Numerical investigation on ammonia co-firing in a pulverized coal combustion facility: Effect of ammonia co-firing ratio

Recently, the co-firing ammonia (NH3) with coal in boiler has been paid more and more attention. A computational Fluid Dynamics (CFD) simulation approach was built to investigate the NH3 co-firing in a pulverized coal combustion facility with a single swirling burner. The simulation accuracy was evaluated with the experimental data. The differences between coal firing and NH3 co-firing can be well reproduced with simulation. Then, the effects of NH3 co-firing ratio (CR) on the combustion characteristic and NOx emission were investigated. The flame shape is significantly affected by NH3 CR, due to the changes of momentum of NH3 jet from center of burner. When the NH3 CR exceeds 40 cal.%, the internal recirculation zone is completely penetrated by high velocity NH3 flow, which leads to a long flame and much unreacted NH3 in downstream. As the increase of NH3 CR, the overall trend is that the total heat absorbed slightly decreases due to the decrease of particle radiation, and unburnt carbon in fly ash obviously increases due to decrease of flame temperature.

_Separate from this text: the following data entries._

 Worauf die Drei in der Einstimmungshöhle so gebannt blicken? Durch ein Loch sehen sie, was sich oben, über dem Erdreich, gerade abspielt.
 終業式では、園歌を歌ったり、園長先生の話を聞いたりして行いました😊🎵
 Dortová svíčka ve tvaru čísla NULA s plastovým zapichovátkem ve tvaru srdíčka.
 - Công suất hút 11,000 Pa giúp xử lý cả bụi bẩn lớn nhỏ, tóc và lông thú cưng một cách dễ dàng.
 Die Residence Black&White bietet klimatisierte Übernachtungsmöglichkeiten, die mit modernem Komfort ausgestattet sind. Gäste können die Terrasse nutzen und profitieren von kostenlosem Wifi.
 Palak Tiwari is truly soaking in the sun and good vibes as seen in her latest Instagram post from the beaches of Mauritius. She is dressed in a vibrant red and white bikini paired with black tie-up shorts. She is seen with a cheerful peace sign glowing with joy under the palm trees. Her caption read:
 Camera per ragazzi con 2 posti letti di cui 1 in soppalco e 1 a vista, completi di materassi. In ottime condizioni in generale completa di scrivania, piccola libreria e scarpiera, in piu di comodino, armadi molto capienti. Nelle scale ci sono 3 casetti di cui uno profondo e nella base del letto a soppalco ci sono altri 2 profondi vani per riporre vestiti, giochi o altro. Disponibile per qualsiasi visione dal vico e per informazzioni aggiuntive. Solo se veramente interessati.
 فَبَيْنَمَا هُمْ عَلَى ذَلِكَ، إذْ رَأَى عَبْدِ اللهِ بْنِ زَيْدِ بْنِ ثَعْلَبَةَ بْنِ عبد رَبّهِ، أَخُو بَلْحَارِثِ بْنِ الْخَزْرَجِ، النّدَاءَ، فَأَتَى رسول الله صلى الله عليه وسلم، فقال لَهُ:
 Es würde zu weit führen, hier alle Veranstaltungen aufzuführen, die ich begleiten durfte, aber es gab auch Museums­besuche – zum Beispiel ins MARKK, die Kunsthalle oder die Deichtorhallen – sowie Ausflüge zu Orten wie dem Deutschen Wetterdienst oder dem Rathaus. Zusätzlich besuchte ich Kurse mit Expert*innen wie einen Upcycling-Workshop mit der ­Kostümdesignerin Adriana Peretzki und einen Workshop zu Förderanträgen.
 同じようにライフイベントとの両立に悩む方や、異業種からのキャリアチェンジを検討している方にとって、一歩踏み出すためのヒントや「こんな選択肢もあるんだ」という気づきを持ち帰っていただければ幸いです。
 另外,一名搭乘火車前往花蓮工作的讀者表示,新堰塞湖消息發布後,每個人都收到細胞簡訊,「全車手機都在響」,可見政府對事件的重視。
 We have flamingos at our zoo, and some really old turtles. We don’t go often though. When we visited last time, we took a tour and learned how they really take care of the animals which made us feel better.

In the case with NH3 CR of 10 cal.%, the NO concentration at exit increases due to the more intense combustion and more fuel-NOx, compared with the case of coal-firing. When the NH3 co-firing ratio exceeds 10 cal.%, the NO concentration at exit decreases monotonously due to the DeNO(x) effect of unreacted NH3. However, once the NH3 cofiring ratio exceeds 40 cal.%, the unreacted NH3 concentration at exit increases rapidly, which requires careful designs of burner and furnace.